Re: Add device while rebalancing

From: Juan Alberto Cirez <jacirez@rdcsafety.com>
To: "Austin S. Hemmelgarn" <ahferroin7@gmail.com>
Cc: linux-btrfs <linux-btrfs@vger.kernel.org>
Subject: Re: Add device while rebalancing
Date: Tue, 26 Apr 2016 06:14:04 -0600	[thread overview]
Message-ID: <CAHaPQf2h3Q3iXfuxM5YzmhxgEVTBeaJsn41Du_Y5jHH6ZzTMvQ@mail.gmail.com> (raw)
In-Reply-To: <571F594A.2090305@gmail.com>

Thank you again, Austin.

My ideal case would be high availability coupled with reliable data
replication and integrity against accidental lost. I am willing to
cede ground on the write speed; but the read has to be as optimized as
possible.
So far BTRFS, RAID10 on the 32TB test server is quite good both read &
write and data lost/corruption has not been an issue yet. When I
introduce the network/distributed layer, I would like the same.
BTW does Ceph provides similar functionality, reliability and performace?

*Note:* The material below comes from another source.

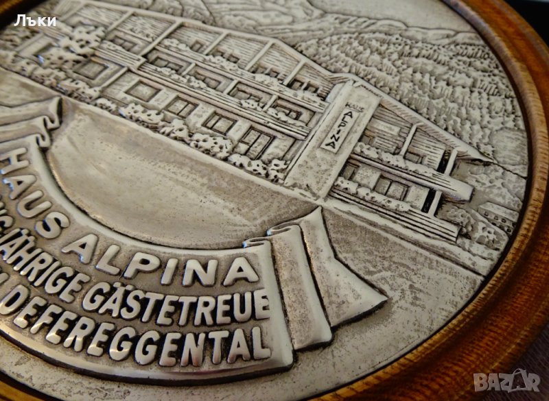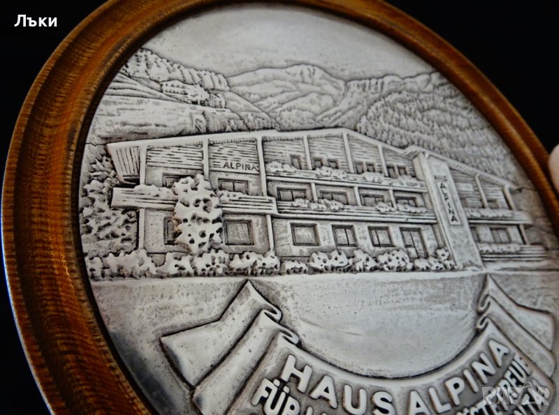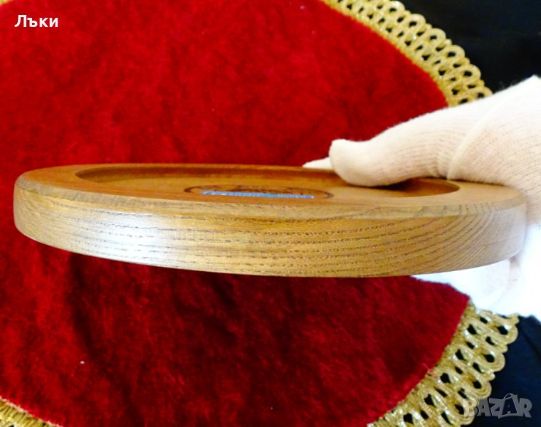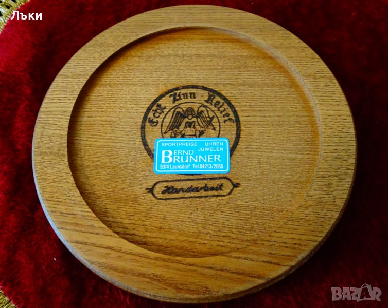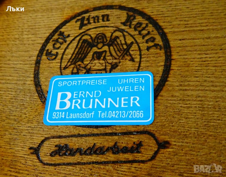 калай и 5% сребро.Има основа от плътно естествено дърво немски дъб.Запазен

On Tue, Apr 26, 2016 at 6:04 AM, Austin S. Hemmelgarn
<ahferroin7@gmail.com> wrote:
> On 2016-04-26 07:44, Juan Alberto Cirez wrote:
>>
>> Well,
>> RAID1 offers no parity, striping, or spanning of disk space across
>> multiple disks.
>>
>> RAID10 configuration, on the other hand, requires a minimum of four
>> HDD, but it stripes data across mirrored pairs. As long as one disk in
>> each mirrored pair is functional, data can be retrieved.
>>
>> With GlusterFS as a distributed volume, the files are already spread
>> among the servers causing file I/O to be spread fairly evenly among
>> them as well, thus probably providing the benefit one might expect
>> with stripe (RAID10).
>>
>> The question I have now is: Should I use a RAID10 or RAID1 underneath
>> of a GlusterFS stripped (and possibly replicated) volume?
>
> If you have enough systems and a new enough version of GlusterFS, I'd
> suggest using raid1 on the low level, and then either a distributed
> replicated volume or an erasure coded volume in GlusterFS.
> Having more individual nodes involved will improve your scalability to
> larger numbers of clients, and you can have more nodes with the same number
> of disks if you use raid1 instead of raid10 on BTRFS.  Using Erasure coding
> in Gluster will provide better resiliency with higher node counts for each
> individual file, at the cost of moderately higher CPU time being used.
> FWIW, RAID5 and RAID6 are both specific cases of (mathematically) optimal
> erasure coding (RAID5 is n,n+1 and RAID6 is n,n+2 using the normal
> notation), but the equivalent forms in Gluster are somewhat risky with any
> decent sized cluster.
>
> It is worth noting that I would not personally trust just GlusterFS or just
> BTRFS with the data replication, BTRFS is still somewhat new (although I
> haven't had a truly broken filesystem in more than a year), and GlusterFS
> has a lot more failure modes because of the networking.
>
>>
>> On Tue, Apr 26, 2016 at 5:11 AM, Austin S. Hemmelgarn
>> <ahferroin7@gmail.com> wrote:
>>>
>>> On 2016-04-26 06:50, Juan Alberto Cirez wrote:
>>>>
>>>>
>>>> Thank you guys so very kindly for all your help and taking the time to
>>>> answer my question. I have been reading the wiki and online use cases
>>>> and otherwise delving deeper into the btrfs architecture.
>>>>
>>>> I am managing a 520TB storage pool spread across 16 server pods and
>>>> have tried several methods of distributed storage. Last attempt was
>>>> using Zfs as a base for the physical bricks and GlusterFS as a glue to
>>>> string together the storage pool. I was not satisfied with the results
>>>> (mainly Zfs). Once I have run btrfs for a while on the test server
>>>> (32TB, 8x 4TB HDD RAID10) for a while I will try btrfs/ceph
>>>
>>>
>>> For what it's worth, GlusterFS works great on top of BTRFS.  I don't have
>>> any claims to usage in production, but I've done _a lot_ of testing with
>>> it
>>> because we're replacing one of our critical file servers at work with a
>>> couple of systems set up with Gluster on top of BTRFS, and I've been
>>> looking
>>> at setting up a small storage cluster at home using it on a couple of
>>> laptops I have which have non-functional displays.  Based on what I've
>>> seen,
>>> it appears to be rock solid with respect to the common failure modes,
>>> provided you use something like raid1 mode on the BTRFS side of things.
>
>